**PROBLEM STATEMENT:** Reproduce the listing below exactly, beginning with its first line and ending with the line that holds "Συρταριέρα Numero 3F Ασπρος Δρυς/Μωβ"; pictures are not part of the copy.
◆ ◆ ◆ ◆ ◆ ◆ ◆
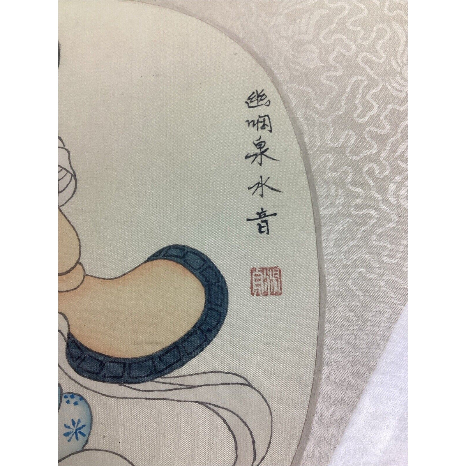 This is an Antique Chinese Watercolor Painting On Silk - Girl Playing instrument
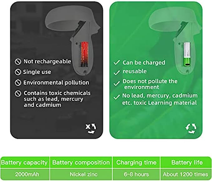 • ✿✿Environmental Friendly: Different from other Oculus Quest 2 charger, we are equipped with rechargeable batteries, environmentally friendly, reusable, will not produce waste batteries and do not pollute the environment
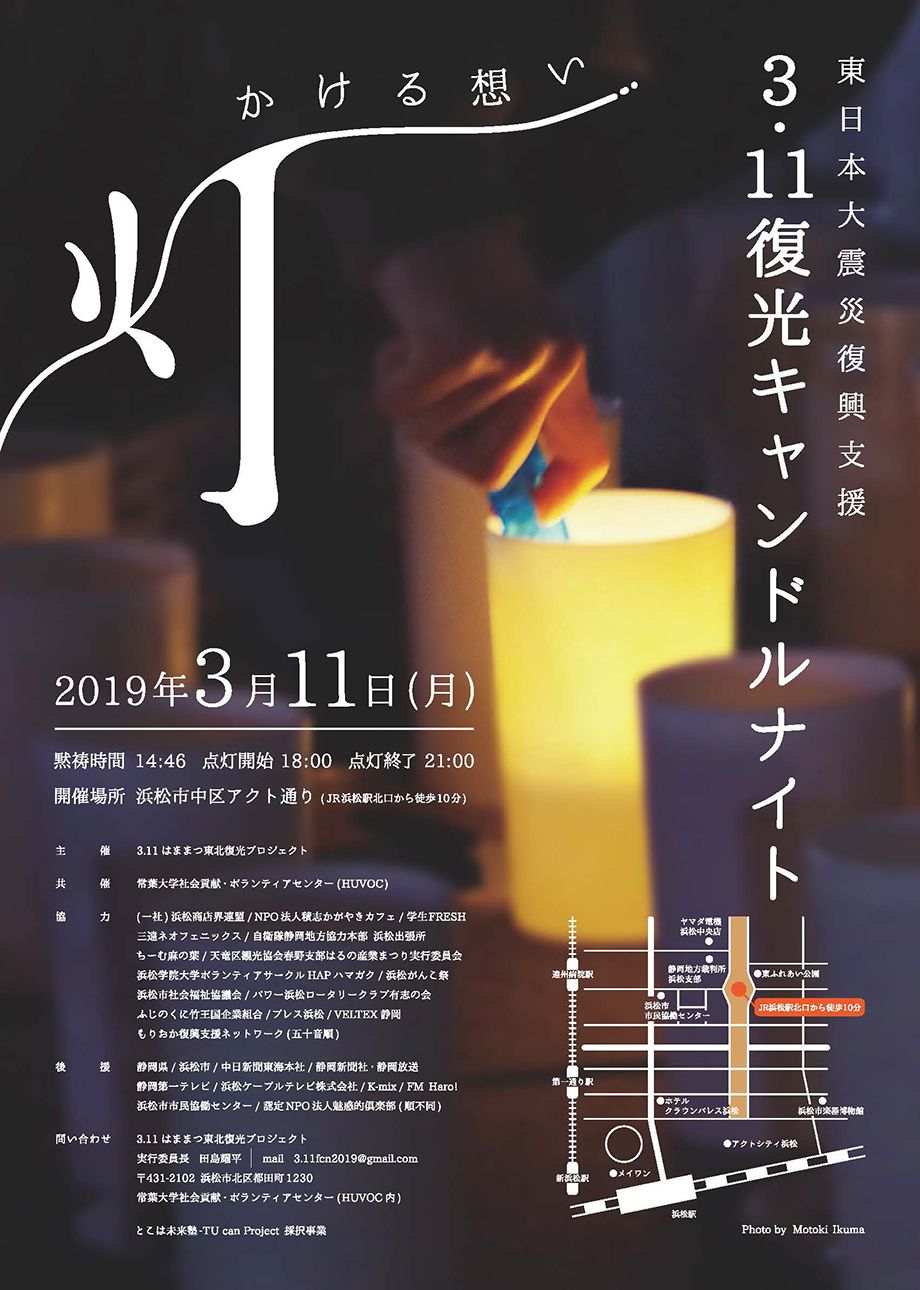 | 主催 | 3.11はままつ東北復光プロジェクト ThunderBirds(常葉大学浜松キャンパス)、Global English(聖隷クリストファー大学)、HAPハマガク(浜松学院大学)、ピアーズ(静岡産業大学磐田キャンパス)、Luce(浜松医科大学)、学生FRESH*、スポアートサポートとうかい*、話っ、輪っ、和っ!2018実行委員会* |
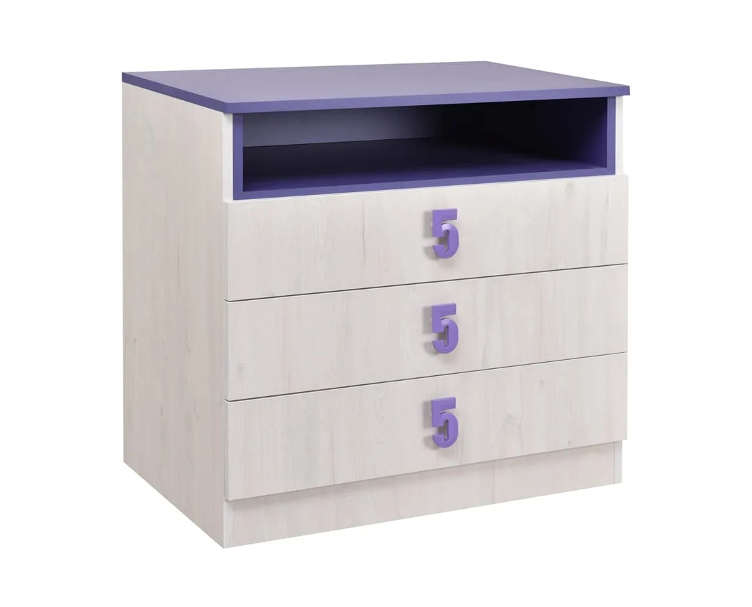 Συρταριέρα Numero 3F Ασπρος Δρυς/Μωβ
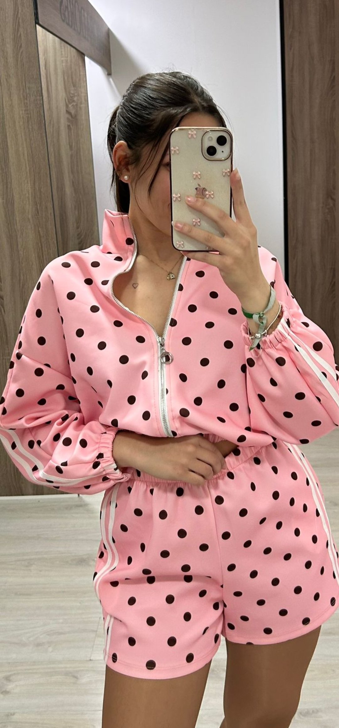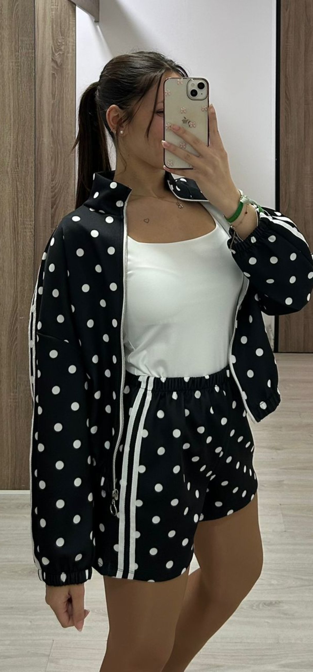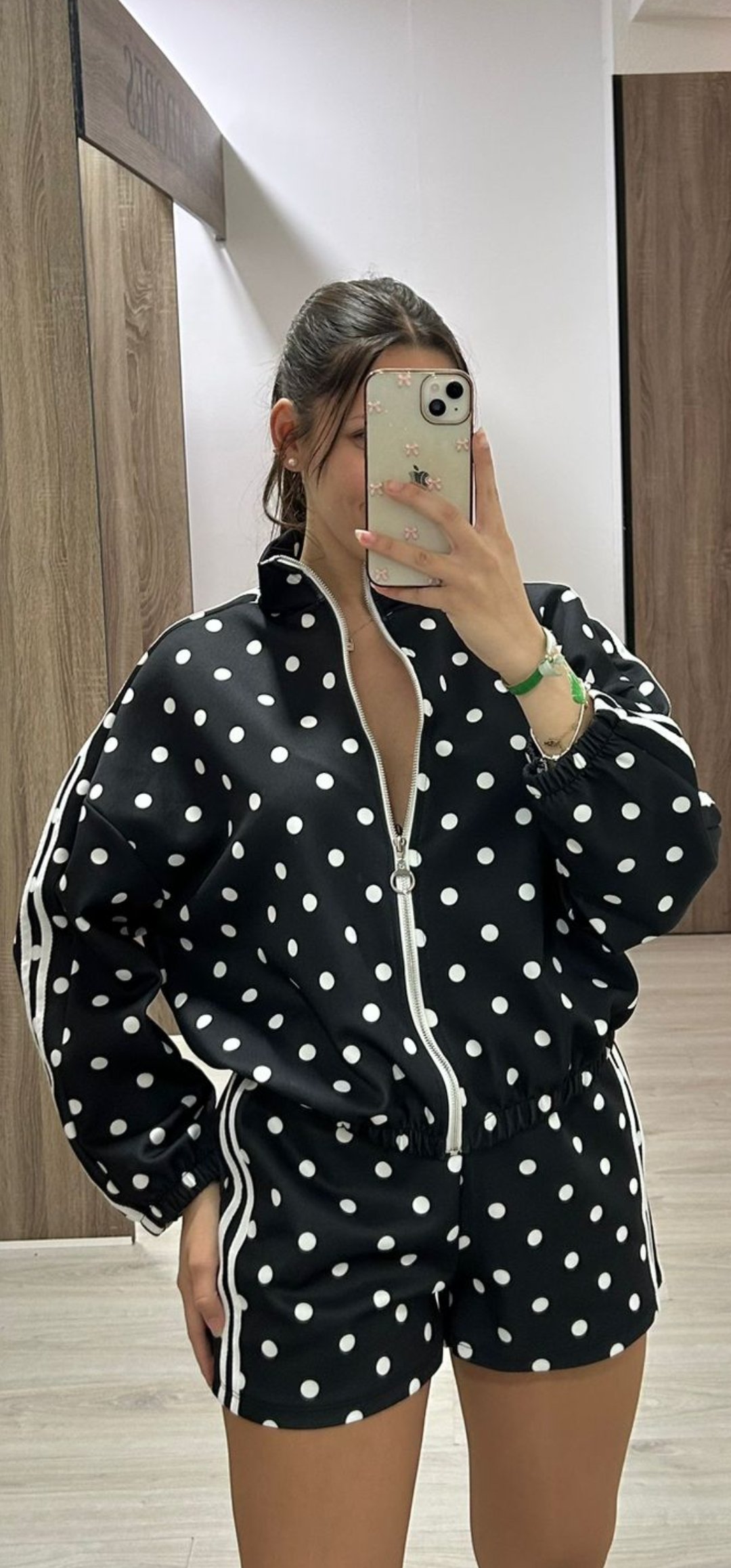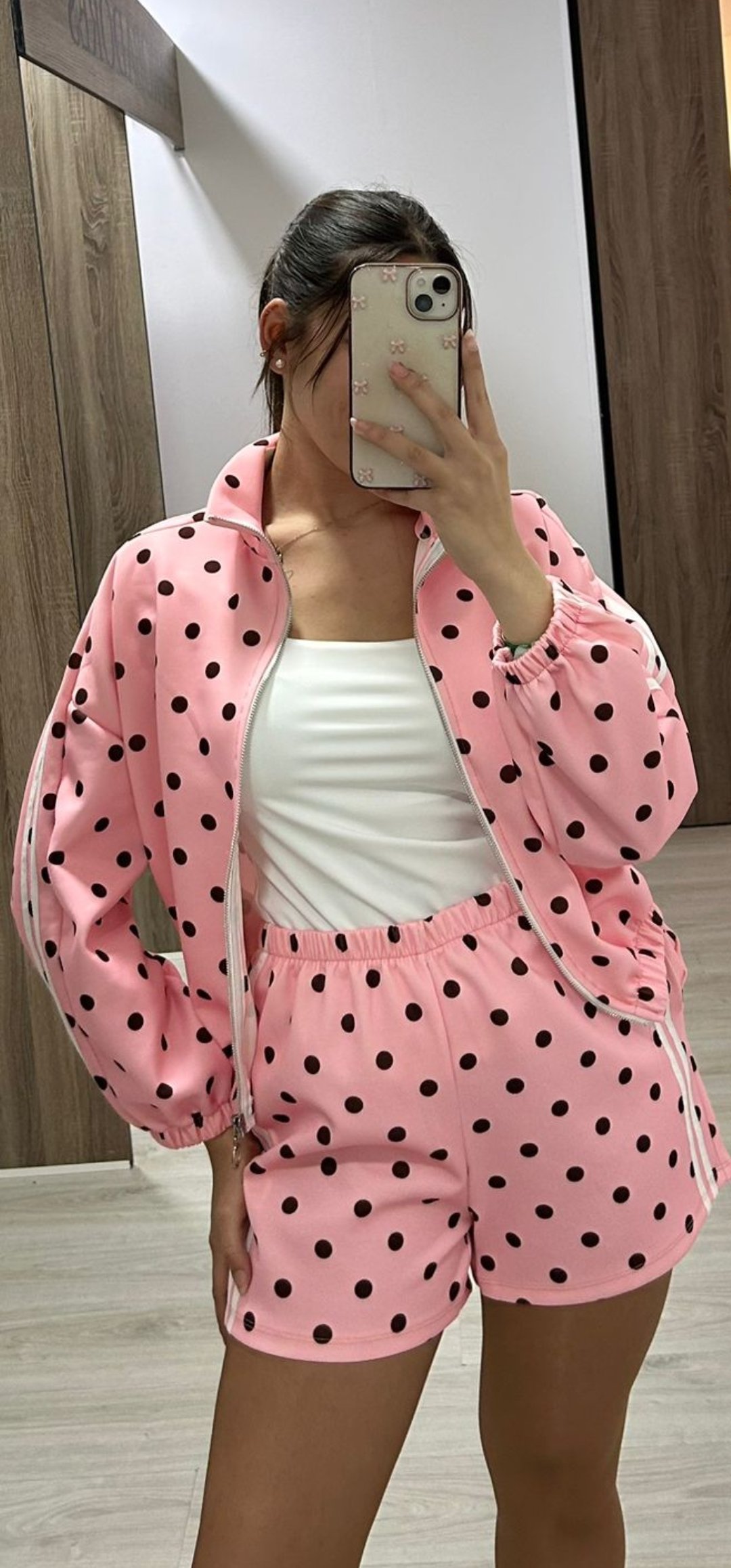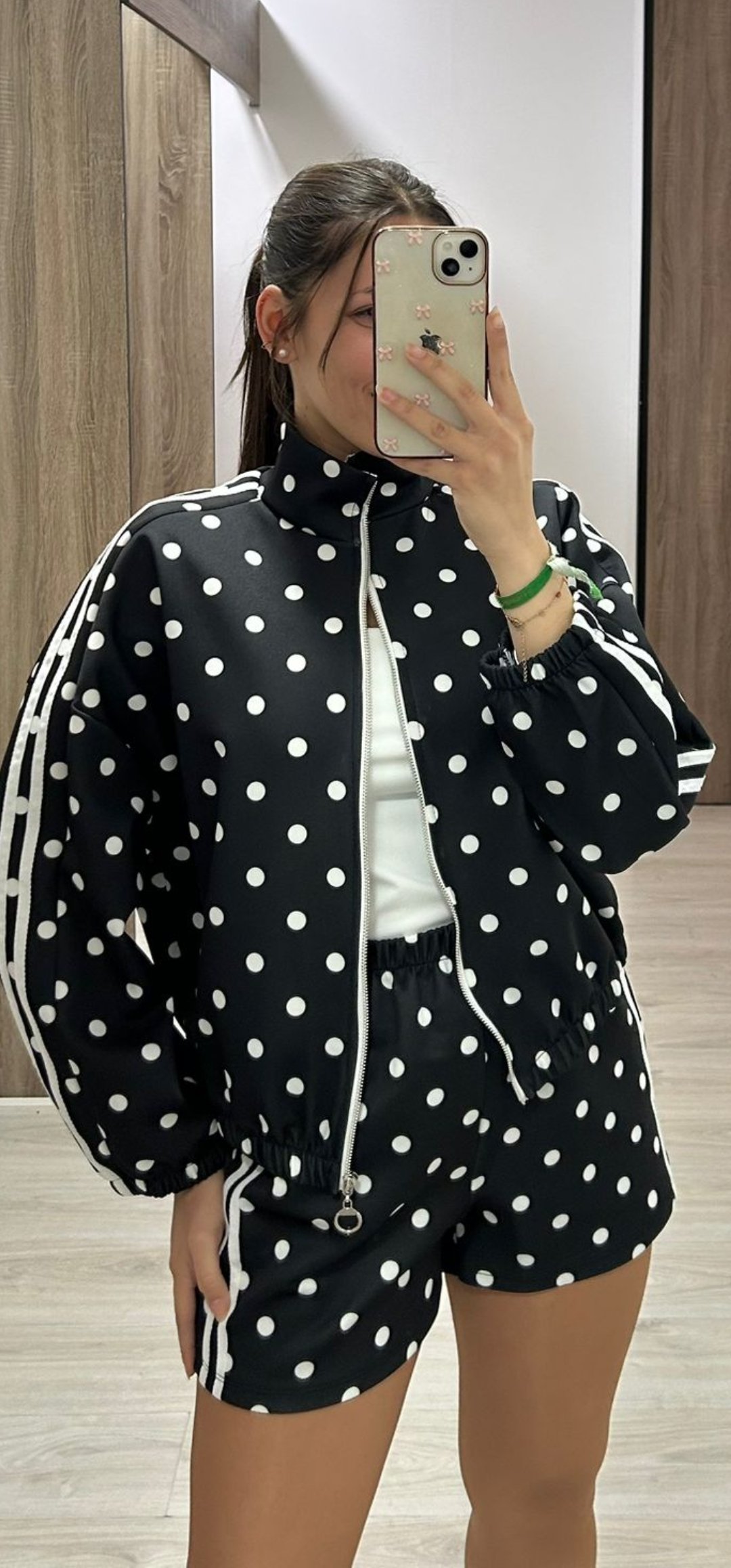 No puede tener mas arte nuestro nuevo conjunto Sport de pantalón corto con cintura elástica y bolsillos, la sudadera lleva cierre de cremallera y esta inspirado en Adidas
◆ ◆ ◆ ◆ ◆ ◆ ◆
**WRITTEN SOLUTION:**
 This is an Antique Chinese Watercolor Painting On Silk - Girl Playing instrument
 • ✿✿Environmental Friendly: Different from other Oculus Quest 2 charger, we are equipped with rechargeable batteries, environmentally friendly, reusable, will not produce waste batteries and do not pollute the environment
 | 主催 | 3.11はままつ東北復光プロジェクト ThunderBirds(常葉大学浜松キャンパス)、Global English(聖隷クリストファー大学)、HAPハマガク(浜松学院大学)、ピアーズ(静岡産業大学磐田キャンパス)、Luce(浜松医科大学)、学生FRESH*、スポアートサポートとうかい*、話っ、輪っ、和っ!2018実行委員会* |
 Συρταριέρα Numero 3F Ασπρος Δρυς/Μωβ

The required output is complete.